The Kelowna General Hospital Foundation Day of Giving is a call to the community to support excellence in heathcare.
Funds raised this year will go toward the foundation’s campaign to complete the cardiac program with the addition of Advanced Heart Rhythm Services.
It’s a cause all too familiar for Darrell and Margaret Porubanec, who witnessed their youngest son Trevor, who was 22-years-old at the time, fall to the floor unresponsive, later to be diagnosed with a life-threatening heart rhythm condition.
“It’s called Brugada Syndrome, and it causes the heart to race beyond its ability to pump blood,” said Margaret. “As a parent you want to keep your children safe and protected, so when Trevor collapsed, I called 911 and started to administer CPR, but felt utterly helpless.”
Medical staff in Kelowna saved Trevor’s life, but he required immediate diagnostic attention to determine the cause of his cardiac arrest and treat future episodes. Heart rhythm services are not currently available at KGH, so Trevor had to be airlifted to Victoria.
The Porubanec’s, will be matching all donations that come in on the KGH Foundation Day of Giving, April 25. Every call, text and online or in person donation will be doubled.
“We’re amazed at the support in this community, especially when a family makes it their purpose to inspire others,” said Doug Rankmore, CEO of the KGH Foundation.

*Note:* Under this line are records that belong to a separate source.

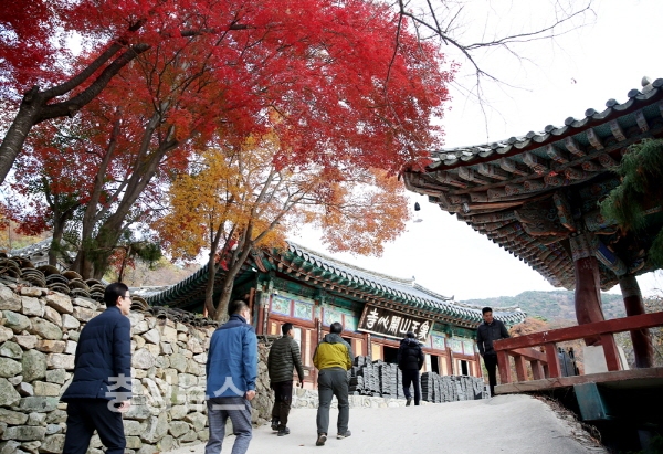 충남 서산시 운산면 신창리의 상왕산에 위치한 개심사(開心寺)에서 가을 끝자락의 정취를 즐기려는 관광객들의 발길이 이어지고 있다.
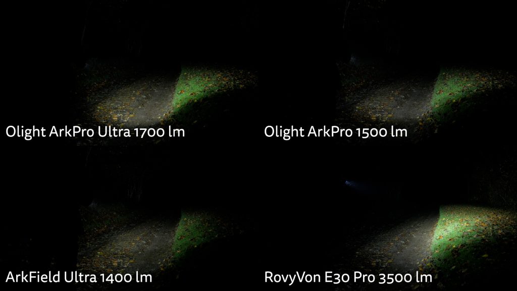 I tested the white light modes outdoors and compared it to the 1500 lumen ArkPro, 1400 lumen Arfield Ultra and the 3500 lumen RovyVon E30 Pro.
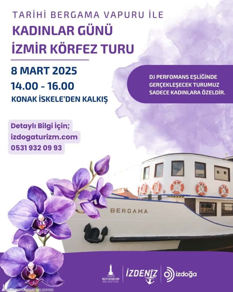 İzmir Büyükşehir Belediyesi şirketleri İZDENİZ ve İZDOĞA ortaklığında tarihi Bergama Vapuru ile Körfez’de düzenlenen turlar 8 Mart Dünya Emekçi Kadınlar Günü’ne özel programla devam edecek. Sadece kadınlara özel tur 8 Mart 2025 Cumartesi günü 14.00 ile 16.00 saatleri arasında olacak. Konak Vapur İskelesi’nden hareket edip yine aynı iskelede sona erecek tur boyunca kadınlar DJ performansı eşliğinde keyifli vakit geçirecek.
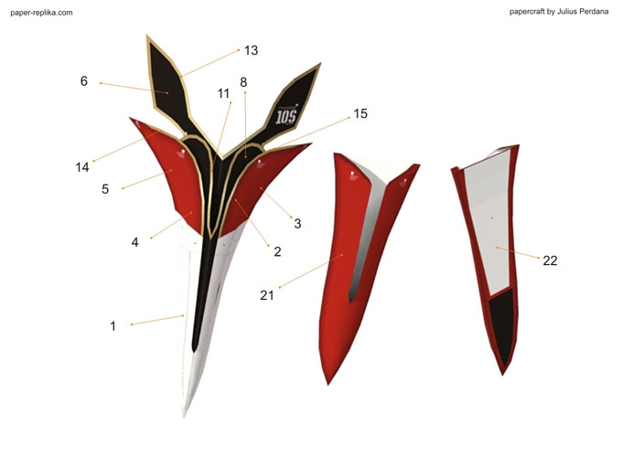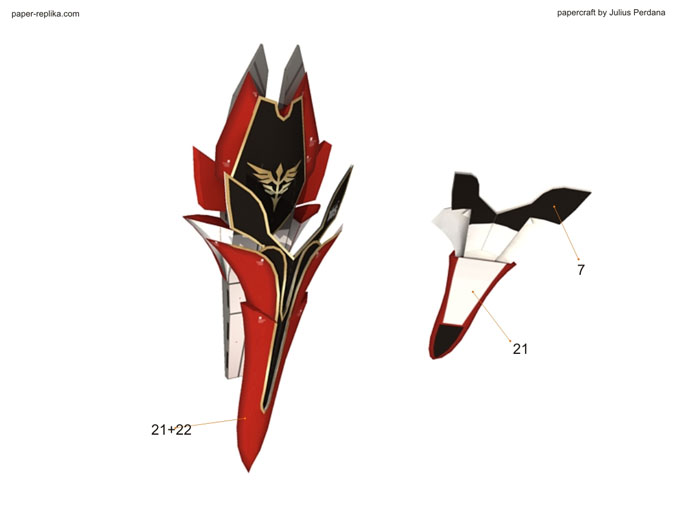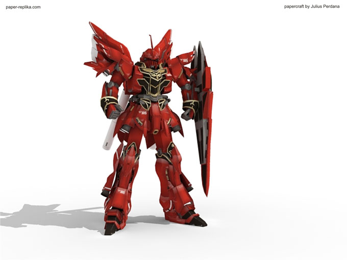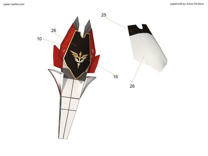 This is an accessories part for the existing Sinanju Gundam paper model kit, which is the shield. Sinanju's shield is quite long, about 80% of its the height from toe to its head. Templates consist of 12 pages for large version 68 cm and 5 pages for the small version 38 cm. After this release there is only one thing left to be made, that is its cannon.
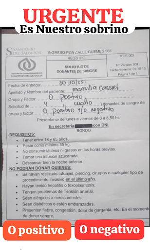 La familia de Casiel Mansilla, un joven de 19 años estudiante de Contaduría, ha lanzado un pedido desesperado a la comunidad para conseguir dos dadores de sangre de grupo cero (positivo o negativo). Casiel entró a cirugía de urgencia a las 8 de la mañana de hoy debido a un tumor detectado en el tronco cervical.
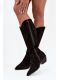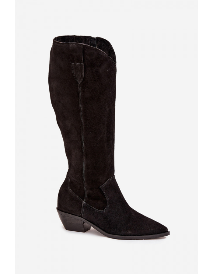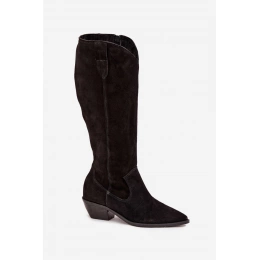 Stylové dámské kozačky Zazoo 4225 v černém odstínu kombinují trendy kovbojský design s pohodlím. Zateplený vnitřek udržuje nohy v teple a semišový svršek dodává botám elegantní a odolný vzhled.
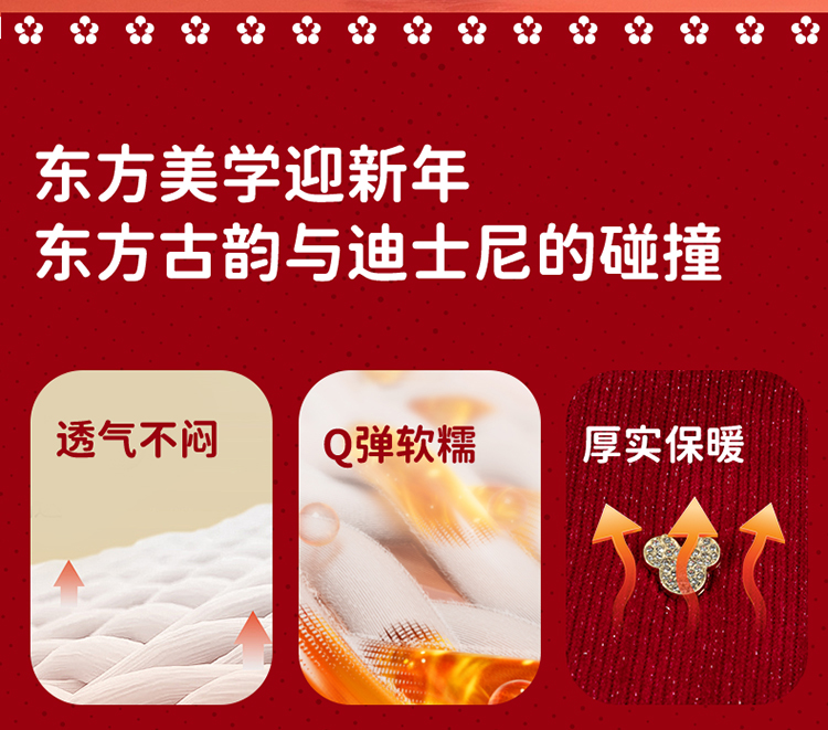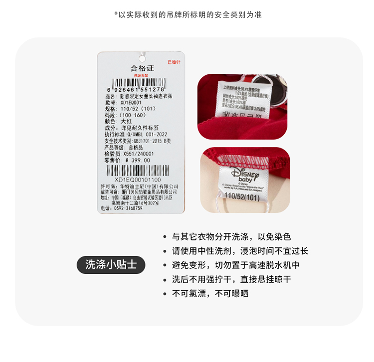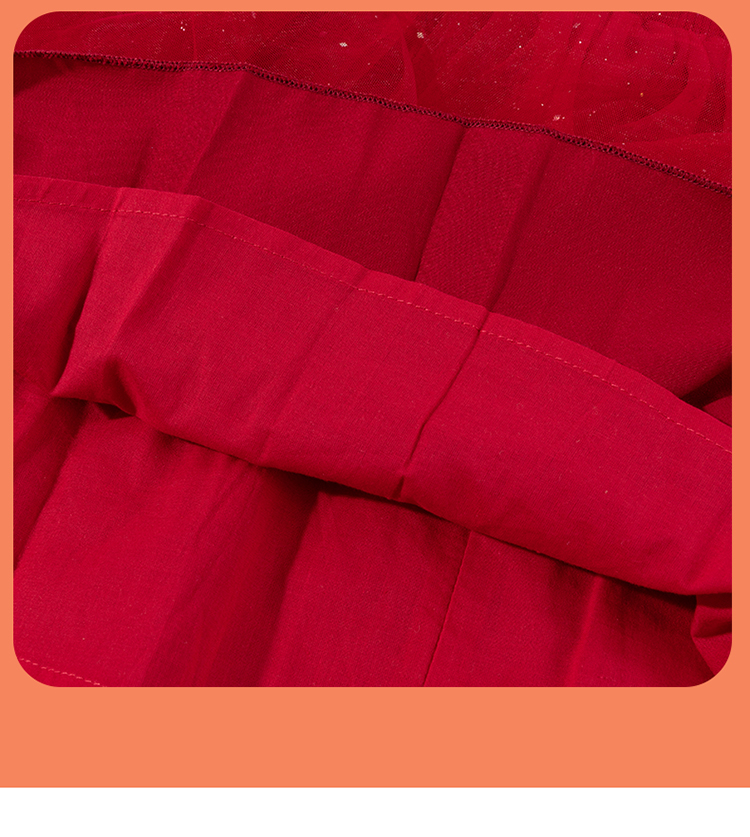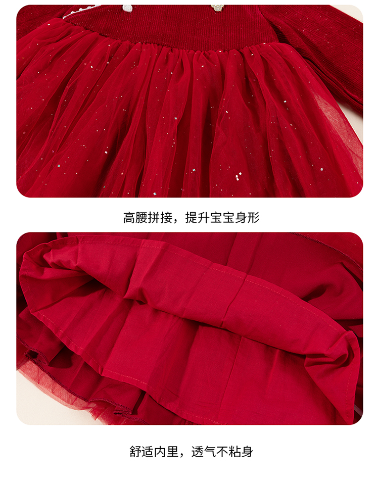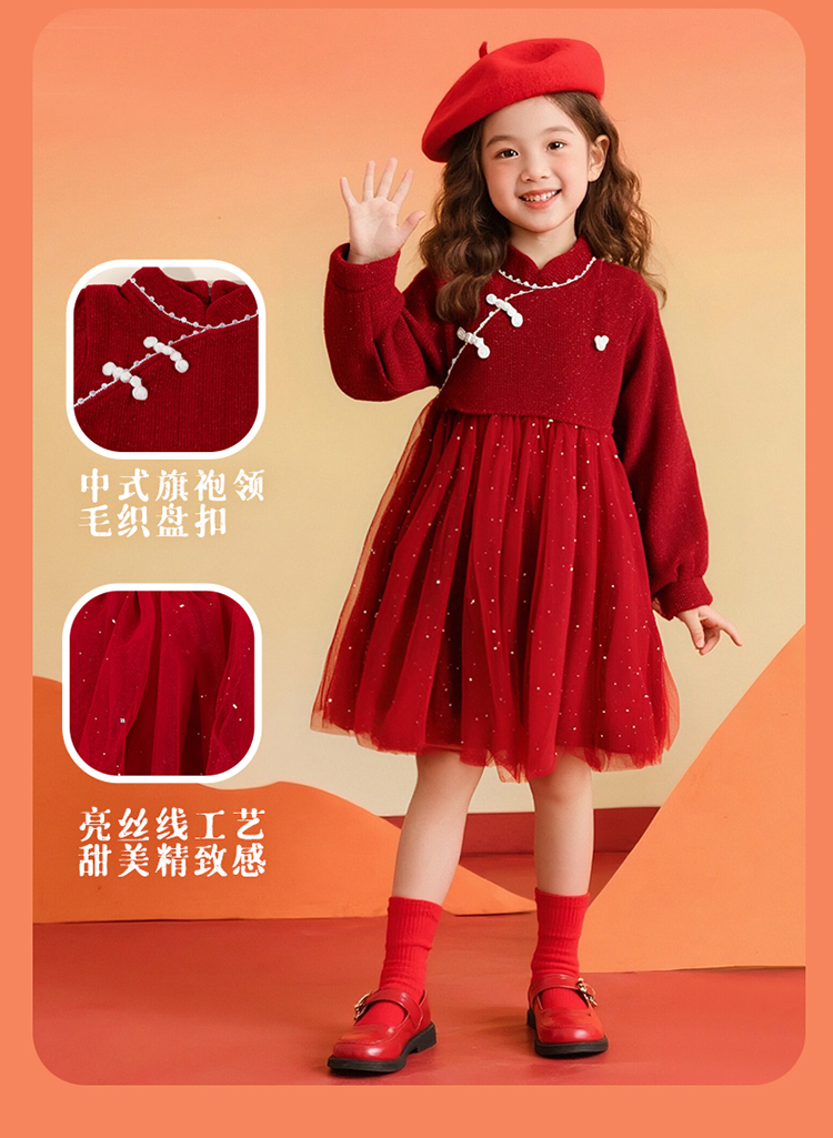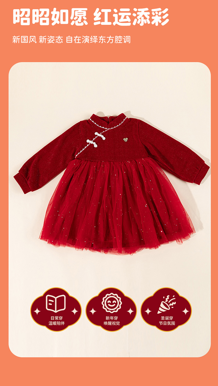 迪士尼春秋新款女童国风长袖连衣裙国潮大红洋气公主裙XD1EQ001
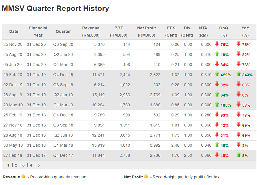 Syarikat ini mencatatkan sedikit kemerosotan pada hasil pendapatan dan juga keuntungan bersih syarikat pada tahun lepas. Laporan suku ketiga tahun 2020 menunjukkan MMSV membuat kejatuhan sebanyak 75% untuk kedua-dua QoQ dan juga YoY.
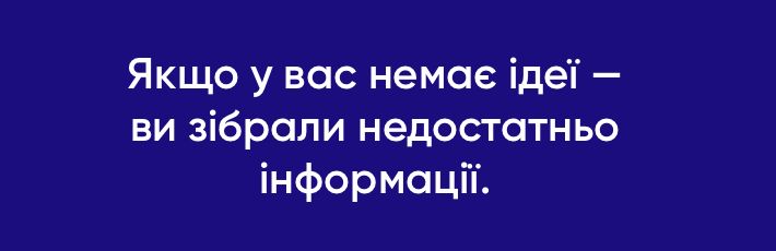 Дизайнер повинен бути аналітиком і маркетологом стільки часу, скільки буде потрібно для ясного розуміння цілей і завдань проєкту. Навіть якщо у вашій компанії є відділ маркетингу і вам приносять готову інформацію.
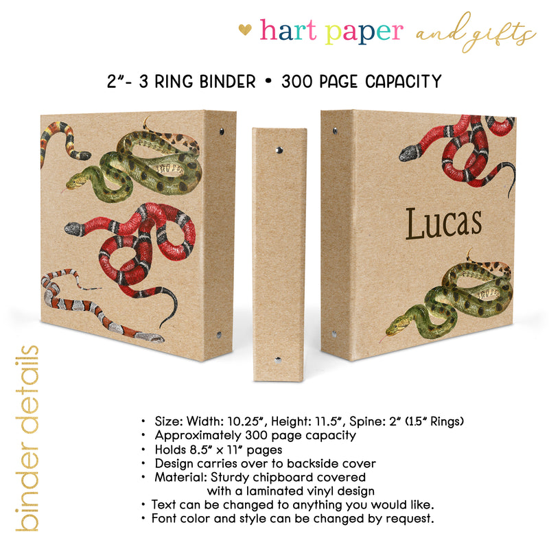 Snake Animal Personalized Custom 2" 3 Ring Binder • School Office Supplies
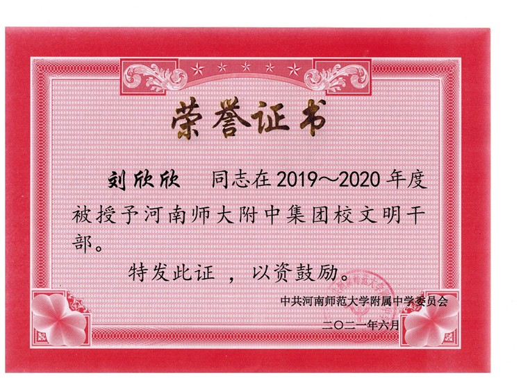 热烈祝贺我校刘欣欣老师被评为附中集团校级文明干部,李翔、冯智昊、张文静、杨慧诺、陈辉阳、刘淑芳、王彬、刘龙等老师被评为附中集团校级文明教师,李明亮、李靖老师被评为附中集团校级文明职工。
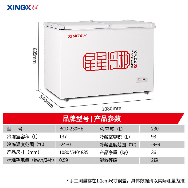 XINGX 스타 이중 온도 230 리터 냉장고 냉장고 가정용 상업용 소형 냉동 신선한 유지 냉동 이중 목적 캐비닛
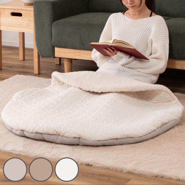 サンドクッション ラウンド ボア生地 ブランケット ( クッション ボア 寒さ対策 円形 ひざ掛け 淡色 プレゼント コンパクト ベージュ モカブラウン ホワイト あったかグッズ )
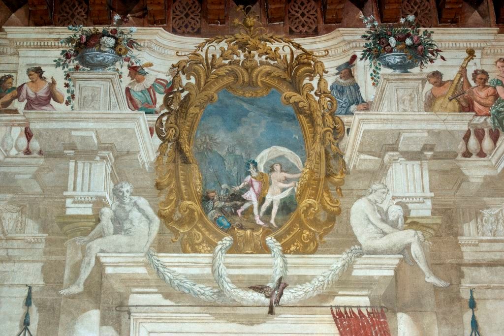 - Descrizione: Stanza al primo piano della foresteria. Vi è un fregio continuo che corre sotto le travature alla sansovina, le porte e le finestre sono inquadrate da cornici architettoniche. Particolarità sono le quindici imprese araldiche rappresentate entro cartocci colorati su sfondo rosso accompagnate da iscrizioni.

The cardiac program at KGH rivals any of the best in the country. Now serving as the largest referral hospital for specialized care in the BC interior, Kelowna General is no longer just a community hospital. Of the hospital’s 400 beds, an estimated 100 are occupied by patients from out of town, many of them receiving care for cardiac conditions.
And now, with help from the community, the KGH Foundation has its sights set on completing the cardiac program with one final service: Electrophysiology.
It’s a term relatively unknown, and it refers to heart rhythm, also known as the heart’s ‘electrical’ system. When a cardiac episode occurs, be it a heart attack or cardiac arrest, specialists look to either the heart’s vascular or ‘plumbing’ system, or the heart beat itself. Patients with heart arrhythmias often experience irregular heart rhythm, either too fast or too slow, which can lead to sudden cardiac death.
Currently, all patients requiring heart rhythm treatment, like Trevor Porubanec, must wait for a bed to become available in Vancouver or Victoria, a wait which takes its toll on the patient and their family.
Trevor required an Implantable Cardiac Defibrillator (ICD) to be placed inside his body, so that should another episode occur, the ICD could restart his heart instantly. And soon, with the addition of an Electrophysiology Lab, patients like Trevor can receive the specialized care they require, right here at KGH.